Investigation of SUMOylation as a post-translational protein modification affecting chromatin dynamics and cellular stress responses.
Enrichment analyses to identify disrupted molecular pathways and transcriptional regulatory networks.
Functional modulation of gene expression through RNA interference (RNAi) using small interfering RNAs (siRNAs) to silence target genes involved in key neurodegenerative mechanisms.

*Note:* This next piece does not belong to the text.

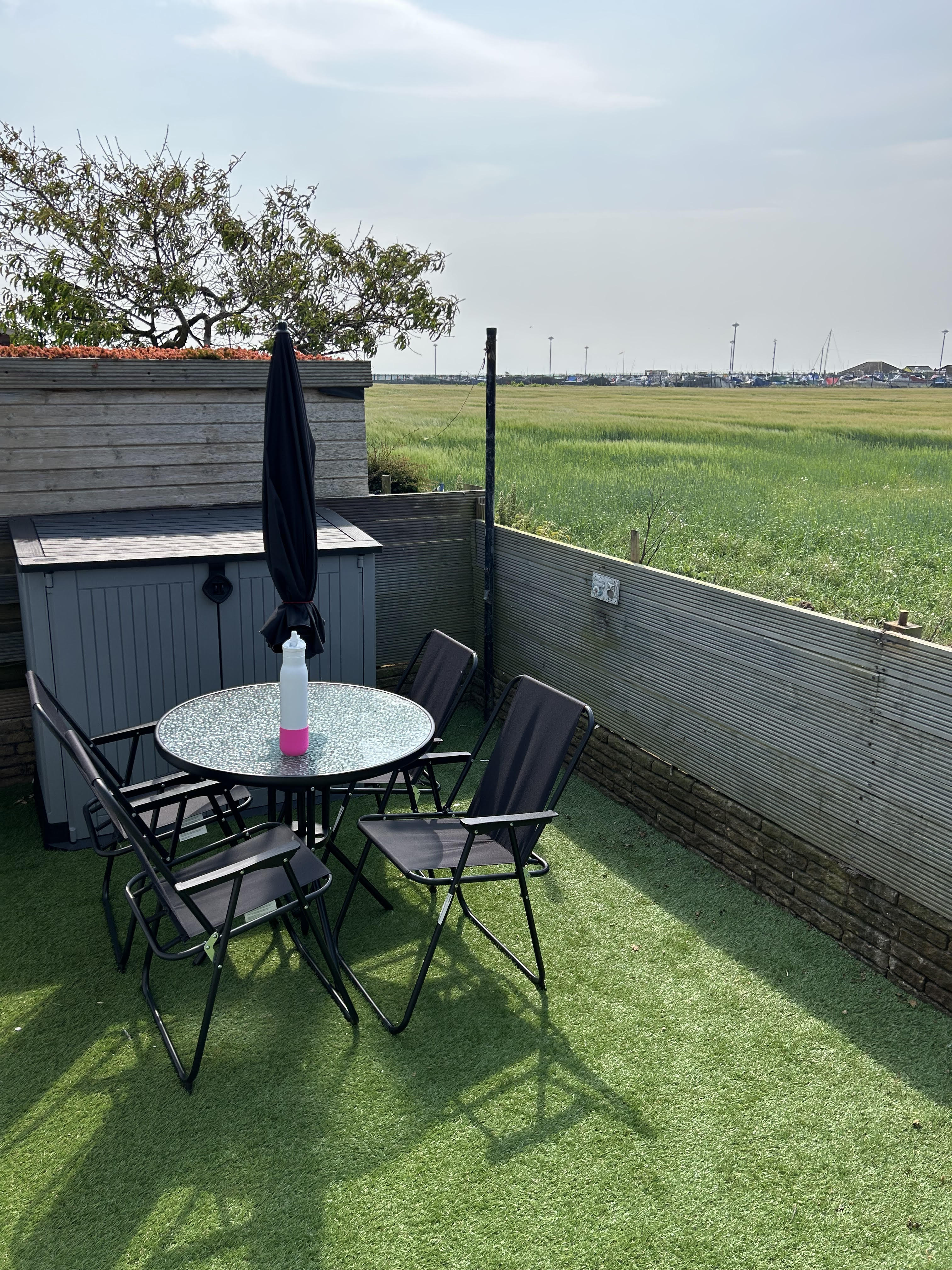 Spacious secured garden with artificial grass and outdoor furniture, overlooking open fields and sea views.

Blood–Brain Barrier (BBB) Integrity and Permeability Assessment:

In vitro evaluation using a tri-cellular co-culture model comprising human brain microvascular endothelial cells, astrocytes, and neurons.
Measurement of paracellular permeability using model compounds and calculation of the apparent permeability coefficient (Papp).

Biochemical Analyses:

Cell Death Mechanisms:

Apoptosis:

- Determination of caspase-3, -8, and -9 activity using commercially available fluorometric and luminescent assay kits (e.g., Caspase-Glo®, Apo-ONE®).
- Detection of DNA fragmentation by TUNEL assay.
- Quantification of phosphatidylserine externalization using Annexin V conjugates in flow cytometry.
- Measurement of mitochondrial membrane potential (ΔΨm) using fluorogenic dyes such as JC-1 or TMRE.
- Morphological assessment of apoptotic features (chromatin condensation, nuclear fragmentation, cytoplasmic blebbing) using fluorescence microscopy (e.g., Hoechst 33342).
- Gene and protein expression analysis of key pro-apoptotic and anti-apoptotic regulators (e.g., BAX, BCL-2, p53, cytochrome c).

Autophagy:

- Use of commercial kits (e.g., Autophagy Assay Kit, CYTO-ID® Autophagy Detection Kit) to quantify autophagic flux and visualize autophagosomes in live cells.
- Expression analysis of autophagy-related genes using qPCR, Western blot, and immunocytochemistry.

Oxidative Stress:

- Quantitative determination of reactive oxygen species (ROS), enzymatic activity of antioxidants (e.g., SOD, catalase, glutathione peroxidase), and levels of reduced and oxidized glutathione (GSH/GSSG).
- Analysis of oxidative stress-related genes and proteins by qPCR and Western blot.

Ferroptosis:

- Assessment of GPX4 activity, intracellular ferrous iron (Fe²⁺) content, lipid peroxidation, and expression of ferroptosis-regulating genes.

Necrosis and Necroptosis:

- Evaluation of lactate dehydrogenase (LDH) release as a marker of membrane disruption.
- Analysis of RIPK1 and RIPK3 gen and protein levels, key mediators of programmed necrosis (necroptosis).